───── Data listing ─────

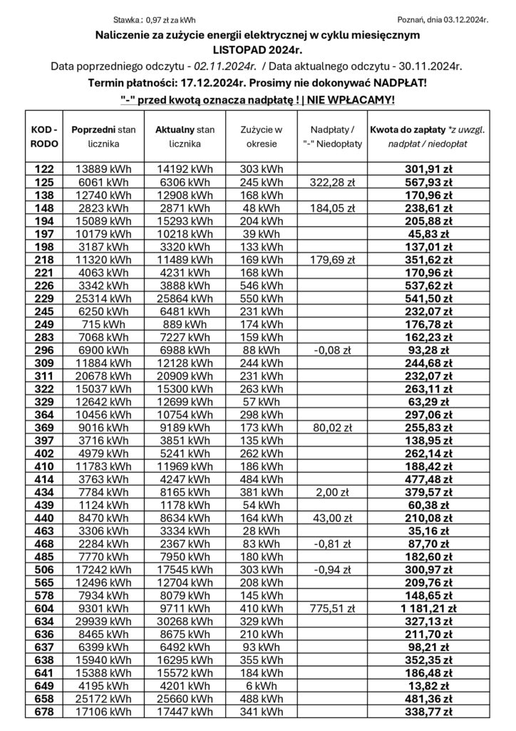 Rozliczono zużycie energii elektrycznej za listopad 2024r. w cyklu miesięcznym. Poniżej link do naliczenia.
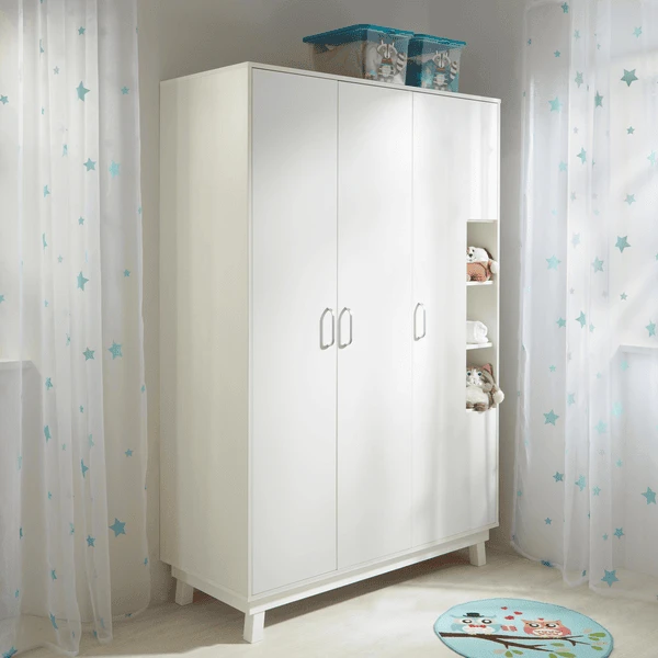 De 3-deurs roba garderobekast Nordic wit met organiseervakken en 2 kledingstangen biedt veel opbergruimte voor uw baby- & kinderkamer. De soft-close technologie van de deuren zorgt voor bijzonder comfort en veiligheid. De in totaal 4 legplanken en 2 Metal l roedes binnenin en de open vakken zorgen voor orde in de kinderkamer. Dankzij de aanpasbare hoogte van 195/185 cm (met/zonder voetjes) groeit de kast met het kind mee tot het volwassen is. Bovendien kan de kast ook zijwaarts worden gemonteerd, afhankelijk van de persoonlijke behoeften.
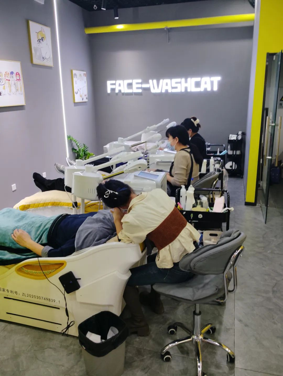 洗脸猫店员表示,忙不过来,真忙不过来。一个门店一般有5张美容床位,配备5位洗脸师,平均40分钟洗一张脸,几乎没有空转的时候。
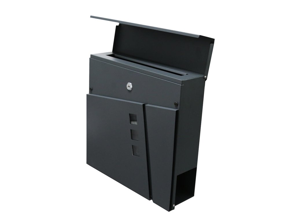 Schránka poštovní TILES 370 x 370 x 105 mm, ANTR. rozměry: 370 x 370 x 105 mm barva: antracit - venkovní poštovní schránka na dopisy, noviny, časopisy, letáky, apod. - vhoz shora - šroubky a hmoždinky jsou součástí balení - jednoduchá montáž - připevnění skrz zadní stěnu - cylindrický zámek, 2 klíče - ve spodní části tubus vhodný pro vkládání novin či letáků Poštovní schránka na dopisy, noviny apod., na Váš plot či dům. Včetně šroubů a hmoždinek. Jednoduchá montáž.Doplňkové parametry
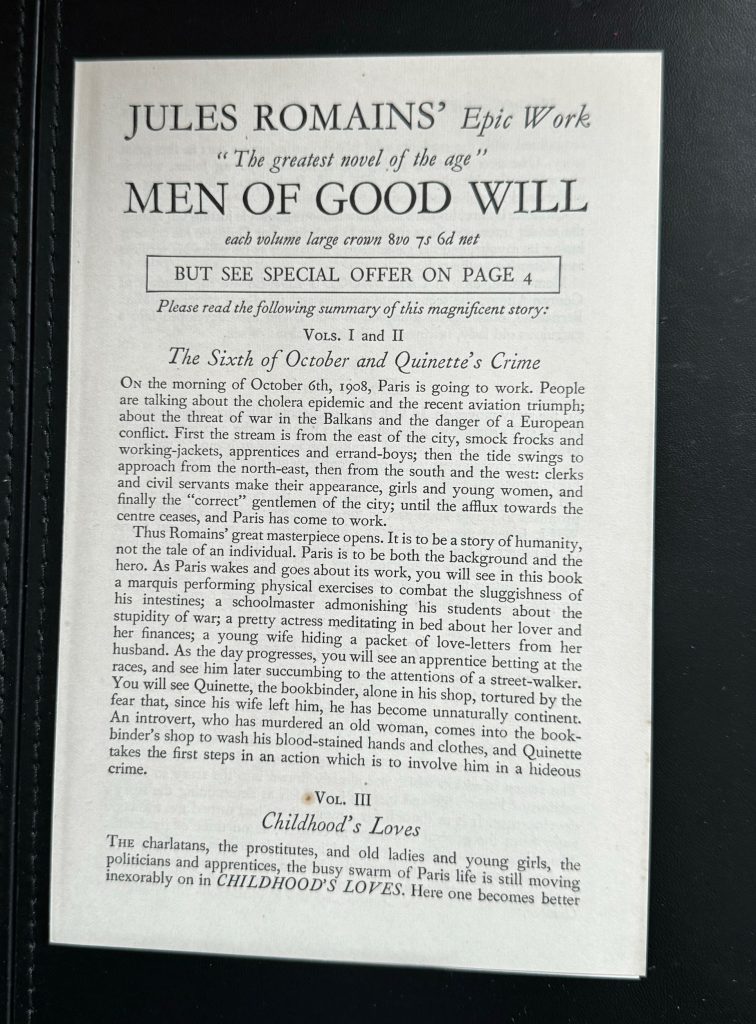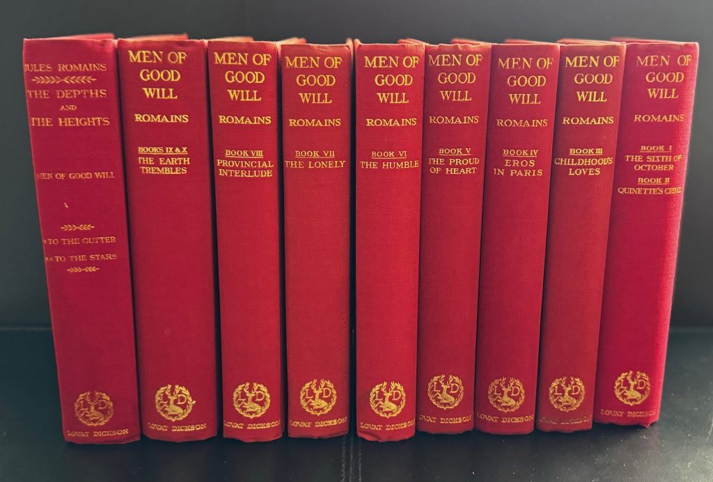 Romains, Jules ~ The ‘Men Of Good Will’ Series : Twelve Books In 9 Volumes – All With Their Scarce Wrappers Designed by Rex Whistler
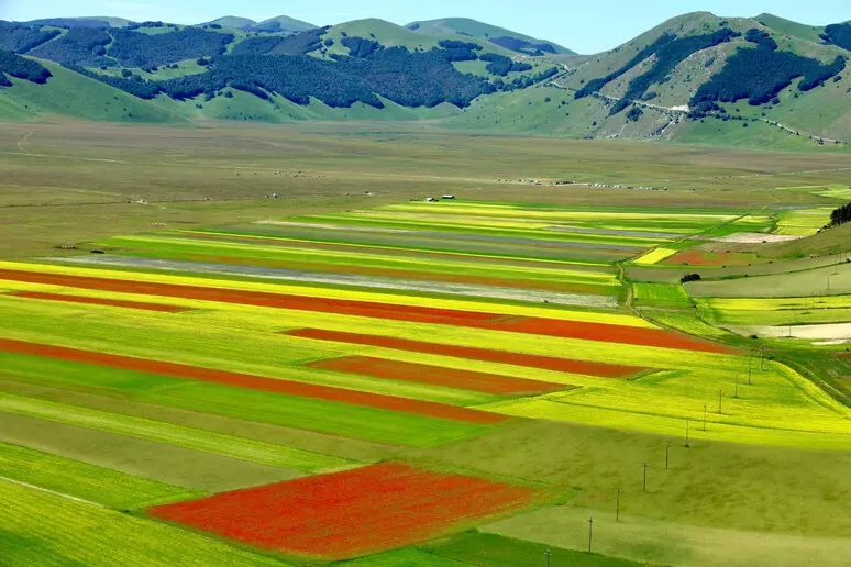 Il Pian grande è una tavolozza di colori dove a dominare è il rosso dei papaveri e il giallo della senape selvatica, ma si stanno affacciando anche il bianco delle margherite, il blu dei fiordalisi e il celestino della lenticchia.
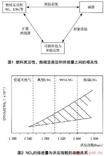 為使燃燒器適應燃氣質量的變化,在工業(yè)設備上也可安裝控制系統(tǒng),例如安裝在燃氣輪機上的就比常規(guī)的燃燒器系統(tǒng)要復雜。而且雖有控制系統(tǒng),排放情況仍有些變化。例如國外一些新型的干式低NOx排放(DLN)或干式低排放(DLE)燃燒室,對燃氣組分變化的允許范圍均很窄。
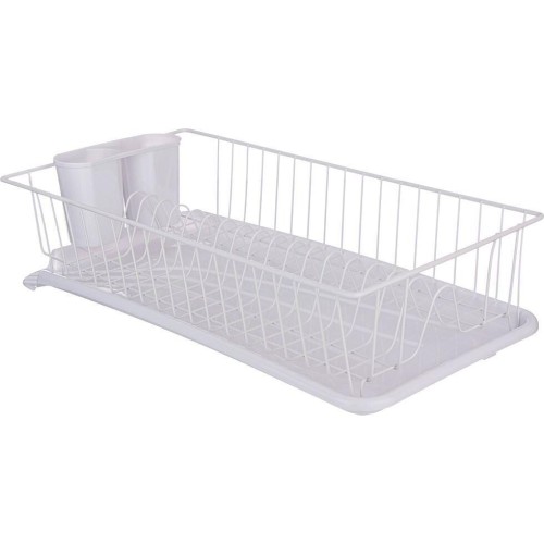 Универсальная сушилка для посуды 49х24,5х11 см – это стильный компактный аксессуар, который позволить сэкономить и упорядочить пространство на кухне. Сушилку можно поставить на полку шкафчика или использовать прямо на открытой кухонной поверхности. Имеет продуманную конструкцию. Кроме того, предусмотрены стаканы для сушки столовых приборов. Поддон для сбора воды легко вынимается и ставится обратно. Крепкое изделие из металла не боится влаги и не подвержено коррозии.

─────

What to work on: Starting with the line that holds "Il Pian grande", transcribe exactly each line through the last one of the material above, and nothing else. Do not include pictures.

Your response:
 Il Pian grande è una tavolozza di colori dove a dominare è il rosso dei papaveri e il giallo della senape selvatica, ma si stanno affacciando anche il bianco delle margherite, il blu dei fiordalisi e il celestino della lenticchia.
 為使燃燒器適應燃氣質量的變化,在工業(yè)設備上也可安裝控制系統(tǒng),例如安裝在燃氣輪機上的就比常規(guī)的燃燒器系統(tǒng)要復雜。而且雖有控制系統(tǒng),排放情況仍有些變化。例如國外一些新型的干式低NOx排放(DLN)或干式低排放(DLE)燃燒室,對燃氣組分變化的允許范圍均很窄。
 Универсальная сушилка для посуды 49х24,5х11 см – это стильный компактный аксессуар, который позволить сэкономить и упорядочить пространство на кухне. Сушилку можно поставить на полку шкафчика или использовать прямо на открытой кухонной поверхности. Имеет продуманную конструкцию. Кроме того, предусмотрены стаканы для сушки столовых приборов. Поддон для сбора воды легко вынимается и ставится обратно. Крепкое изделие из металла не боится влаги и не подвержено коррозии.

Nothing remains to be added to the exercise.